An important limitation is that the number of free parameters (relations established in the path diagram) has to be lower than the number of distinct values. Distinct values are calculated by the formula p * (p + 1) / 2, where p is the number of variables. The number of free parameters is the sum of all the relations established in the model (to put it simply, the number of arrows in the path diagram).
The model can be tested using for example the chi-square test for the “badness of fit” (see 48. CHI-SQUARE ) or by other methods (RMSEA or GFI). The recommended values for the model to have a good fit are:
-
Chi-square p-value > 0.05;
-
RMSEA < 0.05;
-
GFI > 0.95.
This Excel template can help in calculating the goodness of fit of SEM models: http://www.watoowatoo.net/sem/sem.html . If the model fitting is not satisfactory, the path diagram needs to be modified to seek a better fit by:
-
Eliminating non-significant parameters by checking the t-statistics of the parameters (i.e. if they are larger than 1.96);
-
Adding new parameters using two techniques:
-
Modification index: a large value indicates potentially useful parameters;
-
Expected parameter change: the approximate value of the new parameter if added;
-
-
Analyzing the standardized residual matrix and checking for values higher than 1.96 or 2.58 (for example), which identify values that are not well accounted for in the model.
66. Forecasting overview
The objective of forecasting is to produce predictions and indications (usually demand or sales) for future periods using historical data and making several assumptions. For example, we want to forecast the monthly sales of the year +1 and we take as a reference the monthly sales of the current year. An assumption could be that the sales will not change next year and our forecast will be equal to the historical data.

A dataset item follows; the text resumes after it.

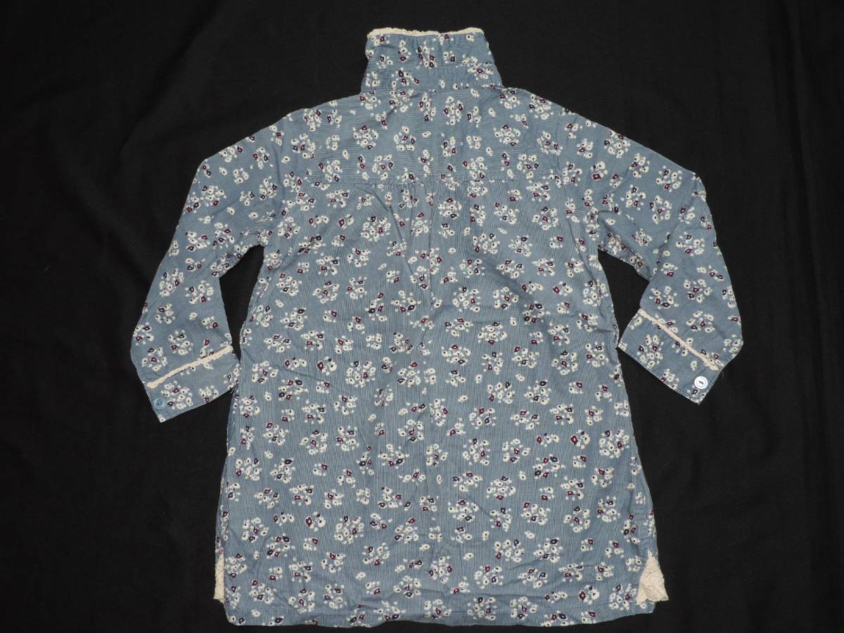 ☆ハッシュアッシュの花柄プリントブルー系コーデュロイ素材ワンピース☆110センチ☆

Other simple-to-implement assumptions can be to establish a fixed increase in sales each month or a proportional increase, for example 10%. Assumptions can become much more complex when using trend or causal models.

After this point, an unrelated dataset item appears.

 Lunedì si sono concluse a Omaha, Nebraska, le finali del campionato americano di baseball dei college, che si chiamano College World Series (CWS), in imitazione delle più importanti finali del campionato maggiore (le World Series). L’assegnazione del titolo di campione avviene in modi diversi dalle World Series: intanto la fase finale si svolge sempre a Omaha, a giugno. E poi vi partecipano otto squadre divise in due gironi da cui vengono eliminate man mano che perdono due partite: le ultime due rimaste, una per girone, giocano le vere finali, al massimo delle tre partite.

To carry out robust forecasts, it is important to identify the elements that have an impact on the demand and use the best technique available to estimate the impact. The answers will not be found for all the elements that have an impact on the demand, but it is necessary to make the best assumptions by complementing quantitative techniques with qualitative techniques and personal business insights.
A regression can be used to define price elasticity and, knowing that the company will change its prices, this parameter can be included in the forecast. However, if we just use historical data and apply the price elasticity effect to a price shift, we are assuming that the other elements affecting the demand do not change: the demand is stable, customers do not change their behavior or taste, competitors maintain their actual prices, and so on.
FORECASTING TECHNIQUES AND METHODS
There are several methods[^32] available, and choosing among them depends on five main factors:
-
The life cycle phase of our product or service (the emergent, growth, or mature phase);
-
The type of product;
-
The minimum accuracy required and how much we are willing to invest in time and money;
-
The data availability (and the cost of obtaining more data if possible);
-
The scope of the forecast (short, medium, or long term).
We can group the forecasting models into three categories:
-
Qualitative techniques: the forecast is based on the opinion of experts (the Delphi method, brainstorming, panel consensus, etc.), the opinion of customers through surveys, or market research. It is usually applied when we do not have quantitative data (a product launch) or for forecasts of several years ahead.
-
Time series and projections: the forecast is based on pattern recognition about past data (seasonality, cycles, and trends) and the projection of these patterns into the future. Its accuracy is greater when the product has already entered into a steady phase (the mature phase). These methods can be more stable or more sensitive to changes; however, they cannot predict turning points based on special events and can only react more or less rapidly to a change in measured data. Examples are the moving average, exponential smoothing, and time series analysis.
-
Causal models: the forecast is based on the relationship between the outcome (sales) and one or more predictor variables, such as product characteristics (price, quality, and availability), competitors’ product characteristics, our strategy vs competitors’ strategy (advertising, promotions, etc.), or external factors (economic or geopolitical factors). This group includes different kinds of regressions, pricing models, and customer analytics models for predicting future behavior.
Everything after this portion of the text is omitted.